> DESCRIPTION OF THE TASK
Retype the records below exactly as given, but only from the first line through the line with "Bábika pre deti", and without the pictures.

DATA PROVIDED: Begin

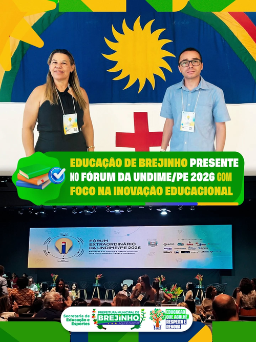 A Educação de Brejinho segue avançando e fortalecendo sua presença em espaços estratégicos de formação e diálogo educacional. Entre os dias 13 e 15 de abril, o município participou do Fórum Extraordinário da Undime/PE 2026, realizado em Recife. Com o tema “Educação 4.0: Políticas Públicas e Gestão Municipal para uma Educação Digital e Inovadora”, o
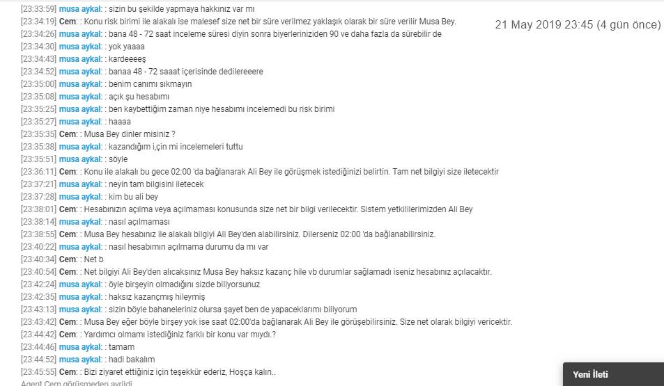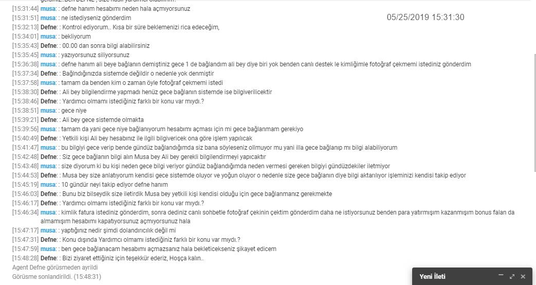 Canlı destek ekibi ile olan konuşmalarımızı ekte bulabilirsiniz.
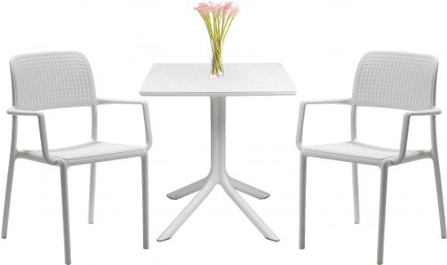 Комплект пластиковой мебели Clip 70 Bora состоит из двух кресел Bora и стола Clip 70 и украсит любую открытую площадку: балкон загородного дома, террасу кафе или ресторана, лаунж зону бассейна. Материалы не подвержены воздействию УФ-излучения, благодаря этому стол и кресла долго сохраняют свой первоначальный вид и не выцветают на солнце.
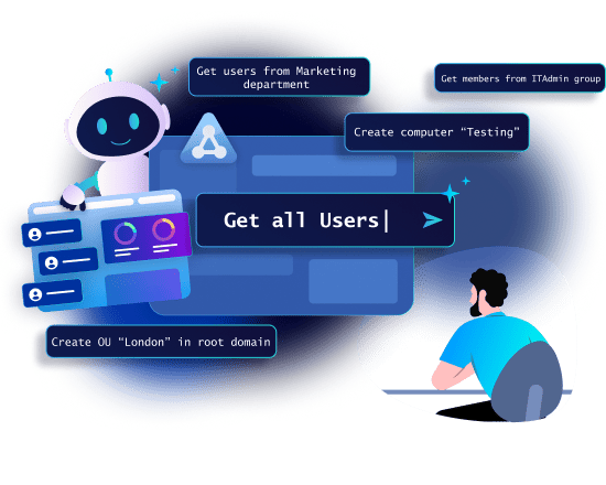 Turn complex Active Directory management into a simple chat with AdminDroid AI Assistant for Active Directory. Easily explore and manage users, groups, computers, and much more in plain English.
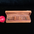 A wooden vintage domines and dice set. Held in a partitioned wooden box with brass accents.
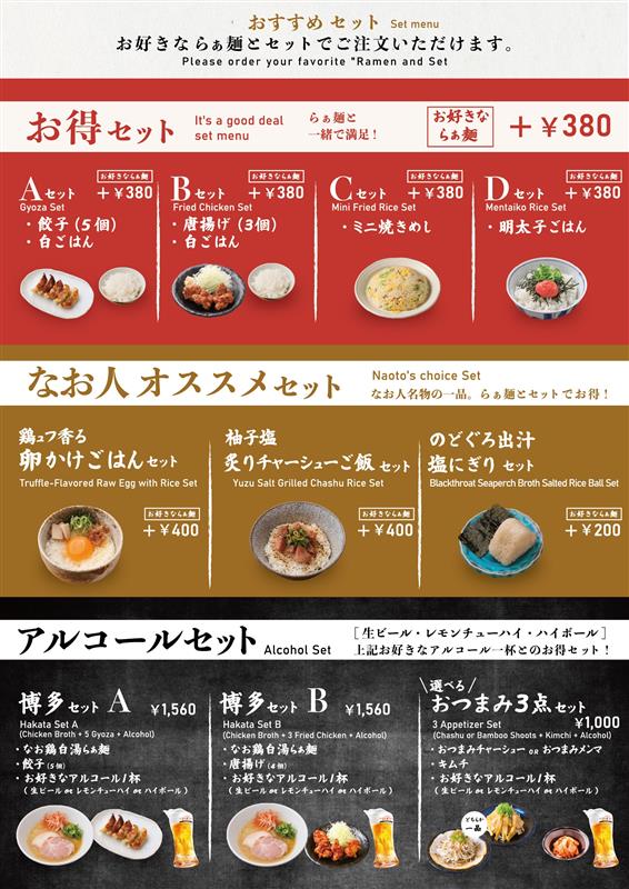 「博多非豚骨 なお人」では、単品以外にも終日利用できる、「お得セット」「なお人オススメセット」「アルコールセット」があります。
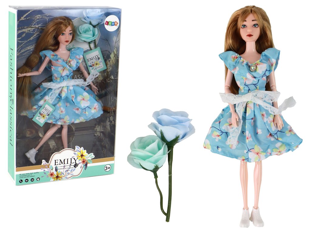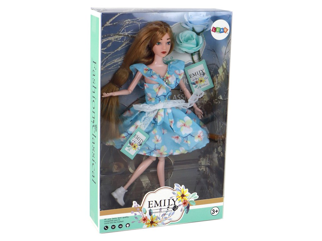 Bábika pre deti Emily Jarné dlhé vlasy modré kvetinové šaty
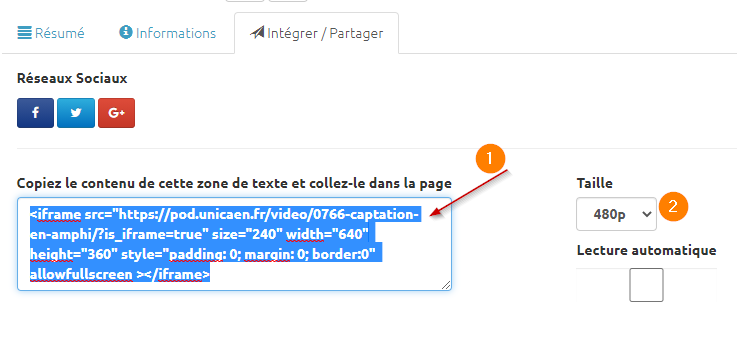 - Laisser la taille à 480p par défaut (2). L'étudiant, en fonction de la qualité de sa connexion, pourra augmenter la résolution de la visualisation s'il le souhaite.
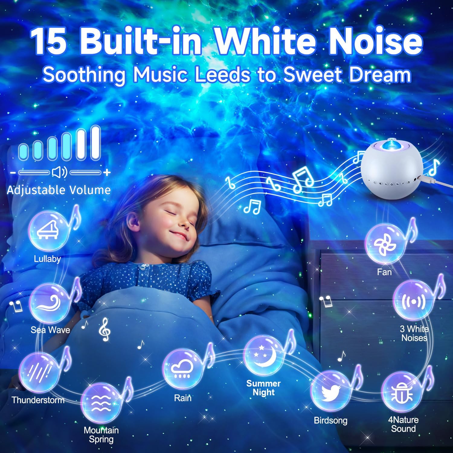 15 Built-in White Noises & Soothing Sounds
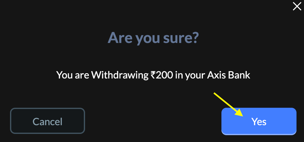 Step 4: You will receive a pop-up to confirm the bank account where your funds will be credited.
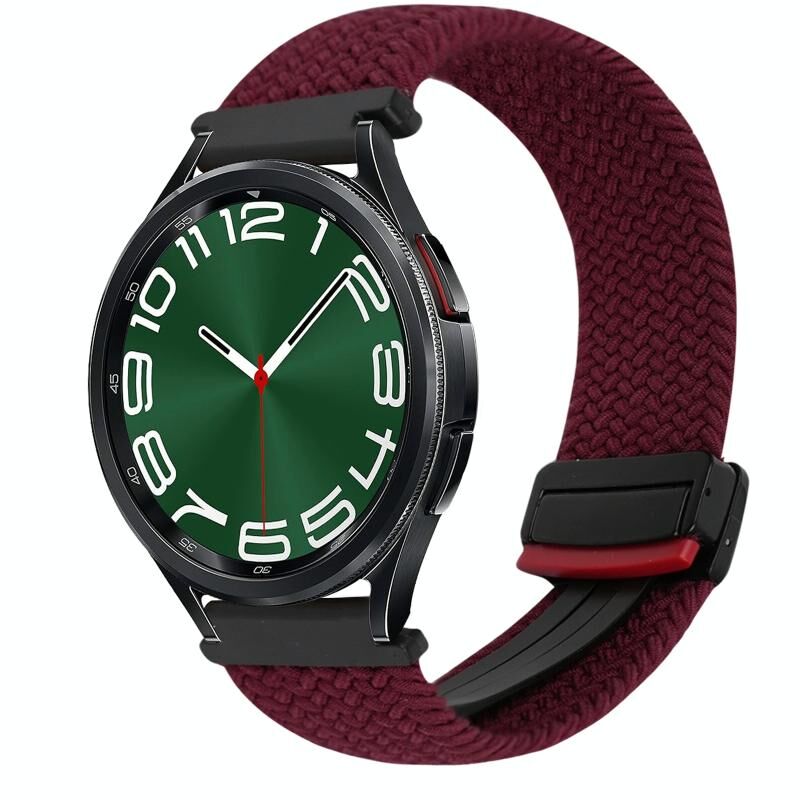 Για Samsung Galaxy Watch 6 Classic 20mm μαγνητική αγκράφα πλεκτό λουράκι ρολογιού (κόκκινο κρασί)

DATA PROVIDED: End

> WRITTEN RESPONSE
 A Educação de Brejinho segue avançando e fortalecendo sua presença em espaços estratégicos de formação e diálogo educacional. Entre os dias 13 e 15 de abril, o município participou do Fórum Extraordinário da Undime/PE 2026, realizado em Recife. Com o tema “Educação 4.0: Políticas Públicas e Gestão Municipal para uma Educação Digital e Inovadora”, o
 Canlı destek ekibi ile olan konuşmalarımızı ekte bulabilirsiniz.
 Комплект пластиковой мебели Clip 70 Bora состоит из двух кресел Bora и стола Clip 70 и украсит любую открытую площадку: балкон загородного дома, террасу кафе или ресторана, лаунж зону бассейна. Материалы не подвержены воздействию УФ-излучения, благодаря этому стол и кресла долго сохраняют свой первоначальный вид и не выцветают на солнце.
 Turn complex Active Directory management into a simple chat with AdminDroid AI Assistant for Active Directory. Easily explore and manage users, groups, computers, and much more in plain English.
 A wooden vintage domines and dice set. Held in a partitioned wooden box with brass accents.
 「博多非豚骨 なお人」では、単品以外にも終日利用できる、「お得セット」「なお人オススメセット」「アルコールセット」があります。
 Bábika pre deti Emily Jarné dlhé vlasy modré kvetinové šaty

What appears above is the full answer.